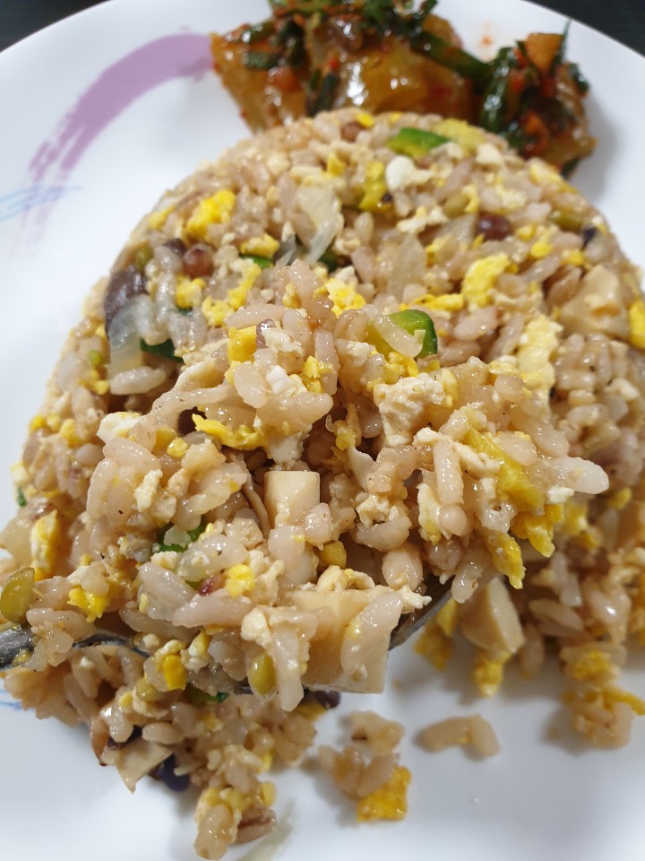 계란 ( 계란을 빼고 만든다면 채식 볶음밥을 만들 수 있습니다. )
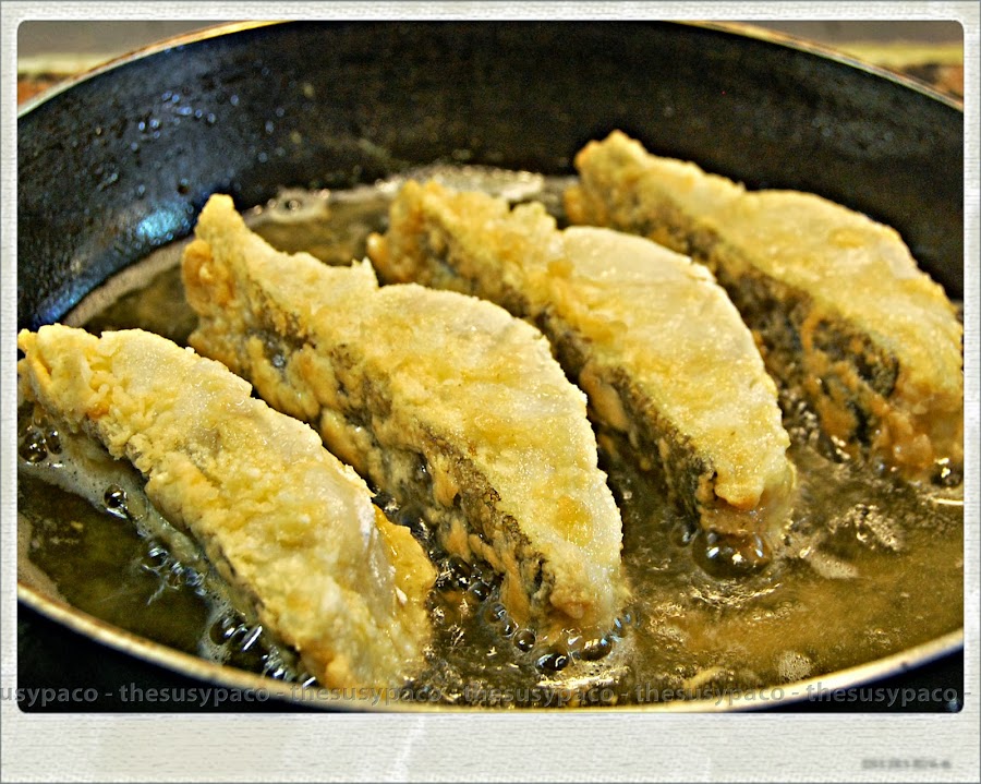 ~ Con el aceite caliente introduce los trozos de bacalao y modera el fuego para que se dore pero no se queme y quede muy jugoso.
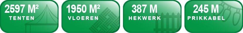 Met 65 Pagodetenten, 1086 m² Alu-hal, 171 m² luifels en 2 stretchtenten is er meer dan genoeg ruimte voor alle bezoekers en de standhouders. 1950 m² cassettevloer zorgt ervoor dat al deze mensen geen vieze schoenen krijgen en 387 m hekwerk zorgt ervoor dat de Koewei netjes afgesloten kan worden. 245 m prikkabel en de bijhorende 327 lampjes zorgen tenslotte voor een gezellige festivalsfeer. Dit alles (en meer) is in 26 ritten naar de Koewei gebracht!
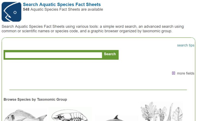 点开FAO相关物种情况说明(FAO Species Fact Sheet)的超链接,进入的是FAO“鱼类搜索”页面,用户可以通过键入鱼类的名称获取该鱼类的基本信息,相当于一个鱼类的网上百科全书。
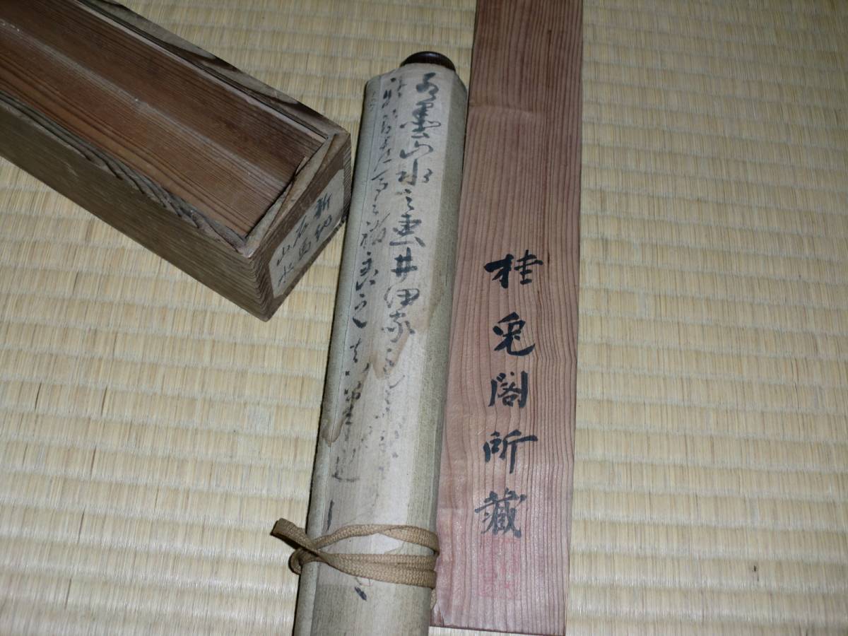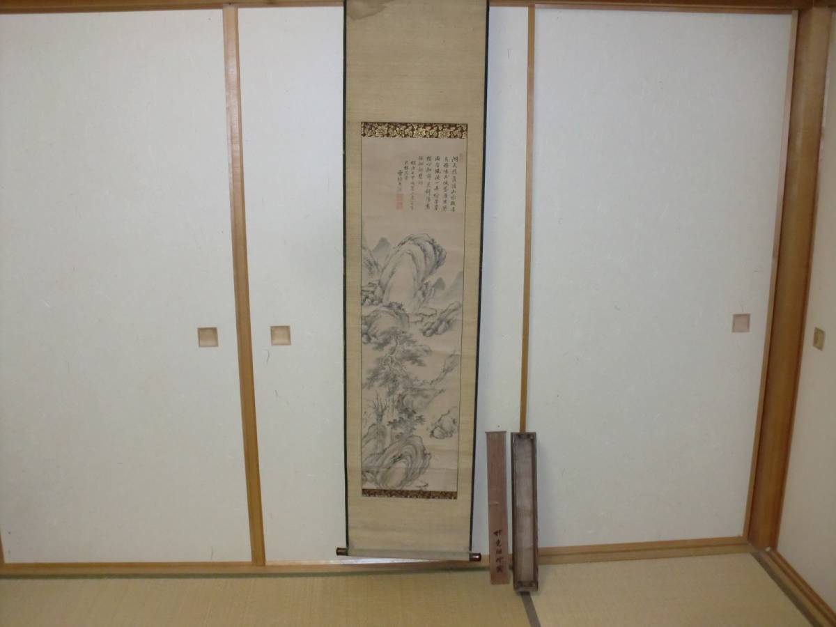 状態は、画像通りですが、古ーい作品にて 表装最上部に微細な染み跡等ありますが、本紙は、極微細な汚れ等あるも綺麗な渋ーいアンテイークコンデイションです。

■ **Your goal**
Please repeat exactly the lines from the one containing "点开FAO相关物种情况说明(FAO Species Fact" through the end of the entries, both included, omitting pictures.

■ **Written answer**
 点开FAO相关物种情况说明(FAO Species Fact Sheet)的超链接,进入的是FAO“鱼类搜索”页面,用户可以通过键入鱼类的名称获取该鱼类的基本信息,相当于一个鱼类的网上百科全书。
 状態は、画像通りですが、古ーい作品にて 表装最上部に微細な染み跡等ありますが、本紙は、極微細な汚れ等あるも綺麗な渋ーいアンテイークコンデイションです。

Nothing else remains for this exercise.